News

Bisnis

Super Skor

Sport

Seleb

Lifestyle

Travel

Lifestyle

Tribunners

Video

Tribunners

Kilas Kementerian

Images

Konflik Palestina Vs Israel

AS Sebut Lima Unit IDF Lakukan Pelanggaran HAM Berat, Tapi Terus Gelontor Senjata ke Israel

Editor: Hendra Gunawan
AA

Text Sizes

Medium

Large

Larger

Gambar yang diambil dari perbatasan selatan Israel dengan Jalur Gaza ini menunjukkan kendaraan lapis baja Israel kembali dari wilayah Palestina pada 17 April 2024, di tengah konflik yang sedang berlangsung antara Israel dan kelompok militan Hamas. (Photo by JACK GUEZ / AFP)

TRIBUNNEWS.COM -- Amerika Serikat mulai berbalik membela warga Palestina dan menuding bahwa Israel yang selama ini melakukan pelanggaran hak asasi manusia (HAM) berat di jalur Gaza.

Setidaknya ada lima unit keamanan Israel yang telah melanggar HAM sebelum perang terbaru antara IDF dengan Hamas.

Meski demikian, Washington masih enggan memberikan tindakan tegas terhadap pelanggaran yang dilakukan oleh sekutu kesayangannya itu.

Baca juga: Hizbullah Gempur Pangkalan Militer Israel di Palestina Utara Pakai Peluru Artileri

Bahkan pemerintahan Joe Biden pun terus menggelontor daba militer untuk negara zionis tersebut.

Baru-baru AS telah mencairkan dana sebesar 23 miliar dolar AS atau Rp 374 triliun untuk membiayai pertahanan Israel.

Pengumuman hari Senin ini menandai pertama kalinya Washington melontarkan tuduhan serupa terhadap pasukan Israel.

Semua tuduhan tersebut bermula dari insiden yang terjadi jauh sebelum perang Israel-Hamas dimulai pada Oktober lalu.

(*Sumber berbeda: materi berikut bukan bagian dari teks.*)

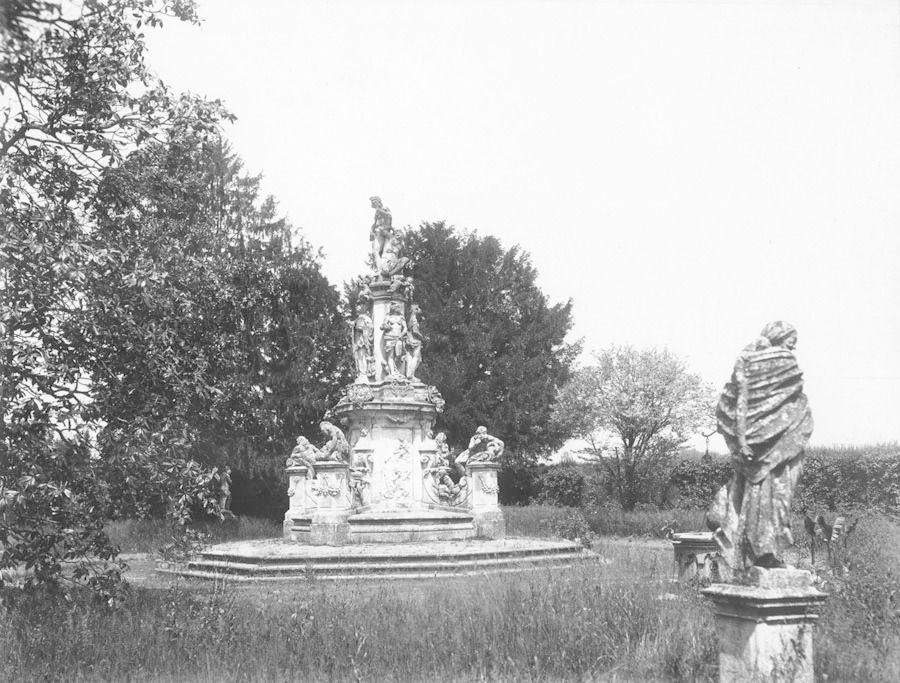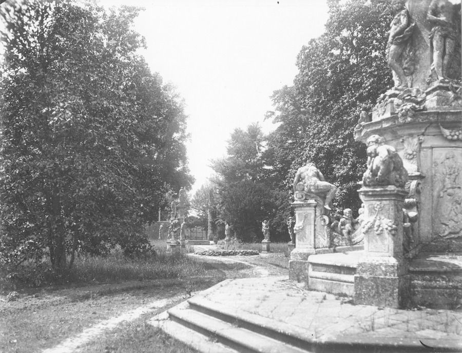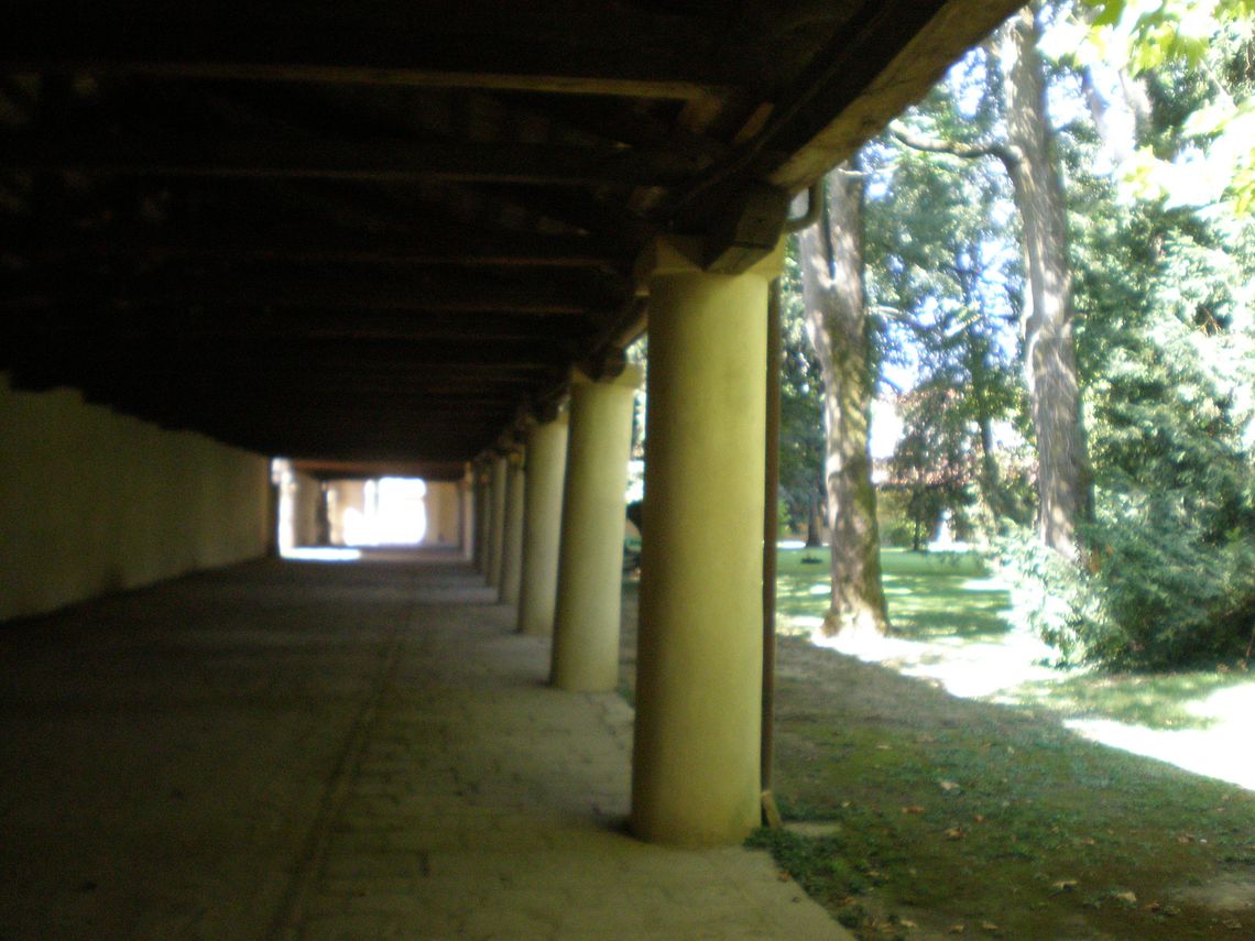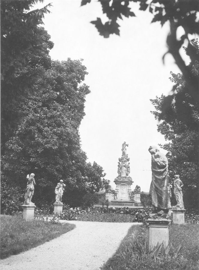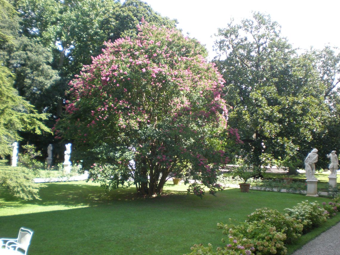 Più piccolo, il giardino prospiciente il fronte posteriore della villa presenta anch'esso una forma trapezoidale, racchiuso sui tre lati rimanenti dal muro di cinta del complesso.

Sebagian besar insiden terjadi di Tepi Barat, dan tidak ada yang melibatkan Jalur Gaza.

Semua unit Israel tetap memenuhi syarat untuk menerima bantuan Amerika, meskipun ada undang-undang yang melarang Amerika memberikan senjata atau bantuan lain kepada kelompok yang diketahui melakukan pelanggaran hak asasi manusia.

Pemerintahan Biden tetap mematuhi apa yang disebut Hukum Leahy karena Israel telah mengambil tindakan terhadap sebagian besar unit yang dituduh melakukan kesalahan, kata wakil juru bicara Departemen Luar Negeri Vedant Patel kepada wartawan di Washington, tanpa menyebutkan nama unit tersebut.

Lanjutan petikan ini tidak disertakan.